Consider having a base class that is inherited by multiple sub-classes.

Is it possible to bind some of its methods to create function that can be called directly and not from the inherited class instance.

The following example should emphasis the case :

class A {
    virtual void method(int a, int b) { ... } 
};

class B : public A {
    virtual void method(int a, int b) { ... }
};
class C : public A {
    virtual void method(int a, int b) { ... }
};


void main () {

    A * a = new B();
    A * aa= new C();

    std::function<void(int,int)> f1 = std::bind(&A::method, &a);
    std::function<void(int,int)> f2 = std::bind(&A::method, &aa);

    f(1,2); 
    f(2,3); 
    ...
}

however, it doesn't compile due to the following error :

No viable conversion from '__bind<void (A::*)(int, int), A **>' to 'std::function<void (int, int)>'

Perhaps anybody can help me fix it ?

Answer 1

You need to use placeholders for your arguments. I would also remove the reference from the second argument as you've a pointer already and passing a reference to a pointer would pass in the address of pointer which is not what you want.

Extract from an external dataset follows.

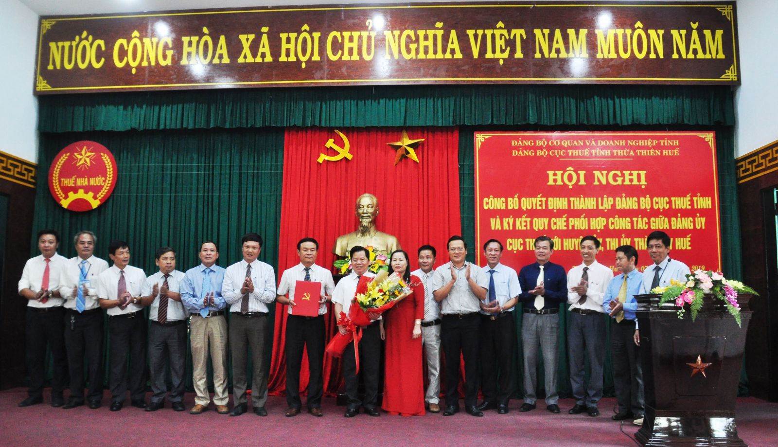 HNN.VN - Chiều 7/10, đã diễn ra hội nghị công bố quyết định thành lập Đảng bộ Cục Thuế tỉnh, các Đảng bộ bộ phận và Chi bộ trực thuộc, đồng thời, ký kết Quy chế phối hợp giữa Đảng ủy Cục thuế với các huyện ủy, thị ủy và thành phố Huế.

std::function<void(int,int)> f1 = std::bind(&A::method, a, std::placeholders::_1, std::placeholders::_2);

Hope this helps.

Answer 2

There are a few issues with your code.

• You need to make the methods public
• void main() comes from a time of pre-standardization, it's not valid C++ code. You need int main()
• don't use raw pointers that have ownership. use smart pointers.
• don't use std::bind . Use lambdas. They are superior in every way.

---

In order to not overload you with all the changes, lets do this with lambdas and keep the raw pointers:

int main ()
{
    A * a = new B();
    A * aa= new C();

    std::function<void(int,int)> f1 = [=](int p1, int p2) { return a->method(p1, p2); };
    std::function<void(int,int)> f2 = [=](int p1, int p2) { return aa->method(p1, p2); };

    f1(1, 2);
    f2(2, 3);
}

And now a variant with smart pointers. If your f1 and f2 don't live beyond a and aa you can do this:

void test()
{
    std::unique_ptr<A> a = std::make_unique<B>();
    std::unique_ptr<A> aa = std::make_unique<C>();

    std::function<void(int,int)> f1 = [ptr = a.get()](int p1, int p2) { return ptr->method(p1, p2); };
    std::function<void(int,int)> f2 = [ptr = aa.get()](int p1, int p2) { return ptr->method(p1, p2); };

    f1(1, 2);
    f2(2, 3);
}

Else you need to use shared_ptr :

void test_shared()
{
    std::shared_ptr<A> a = std::make_shared<B>();
    std::shared_ptr<A> aa = std::make_shared<C>();

    std::function<void(int,int)> f1 = [=](int p1, int p2) { return a->method(p1, p2); };
    std::function<void(int,int)> f2 = [=](int p1, int p2) { return aa->method(p1, p2); };

    f1(1, 2);
    f2(2, 3);
}

Also if you don't need the type erasure of std::function you should make f1 and f2 lambdas. Eg auto f1 = [=] ...